- _Your task_:
Please set down the data word for word; images do not go in the copy.

- _Data below_:
::::

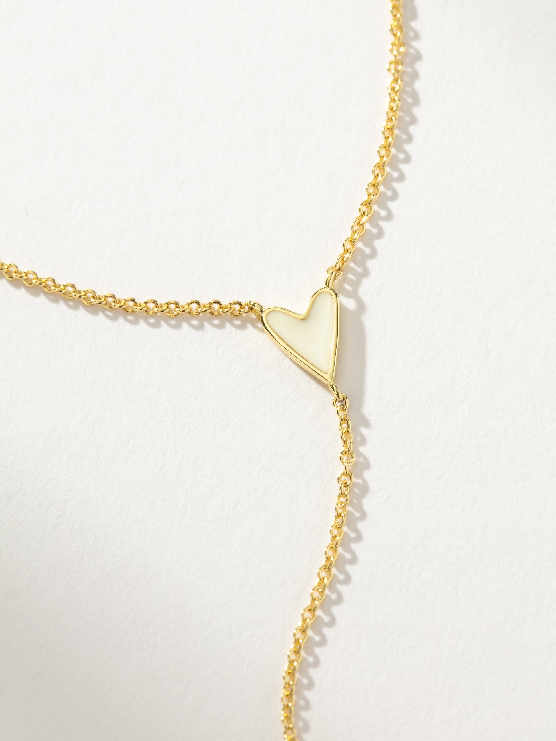 Nous avons associé deux de vos modèles préférés pour créer le collier Lariat Amour. Ce long collier à chaîne orné d'un cœur en émail blanc s'harmonise parfaitement avec nos autres modèles à cœur blanc. Complétez votre look avec les pièces de notre collection Cœurs .
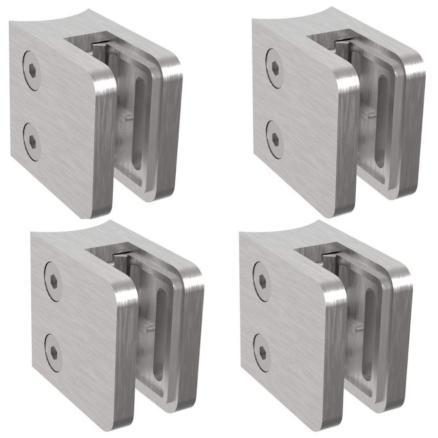 Sellon24® Glashalter 4 Stück Edelstahl Glasklemme Klemmhalter Geländer V2A Eckig 45 x 45 x 28 mm ink
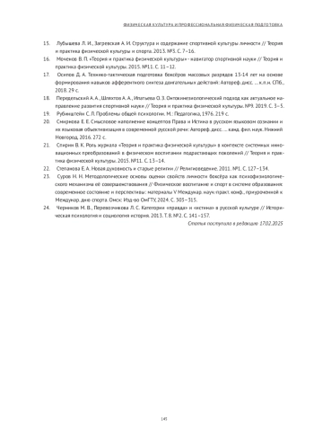 15. Лубышева Л. И., Загревская А. И. Структура и содержание спортивной культуры личности // Теория и практика физической культуры и спорта. 2013. №3. С. 7-16.
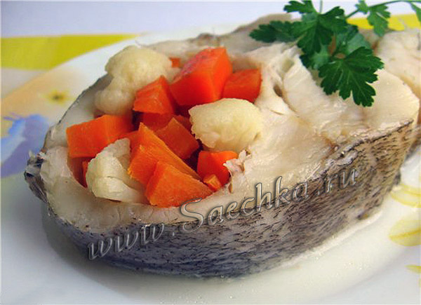 Фаршированная треска приготовлена с овощами в мультиварке. Диетическое питание.

::::

- _Result for this task_:
 Nous avons associé deux de vos modèles préférés pour créer le collier Lariat Amour. Ce long collier à chaîne orné d'un cœur en émail blanc s'harmonise parfaitement avec nos autres modèles à cœur blanc. Complétez votre look avec les pièces de notre collection Cœurs .
 Sellon24® Glashalter 4 Stück Edelstahl Glasklemme Klemmhalter Geländer V2A Eckig 45 x 45 x 28 mm ink
 15. Лубышева Л. И., Загревская А. И. Структура и содержание спортивной культуры личности // Теория и практика физической культуры и спорта. 2013. №3. С. 7-16.
 Фаршированная треска приготовлена с овощами в мультиварке. Диетическое питание.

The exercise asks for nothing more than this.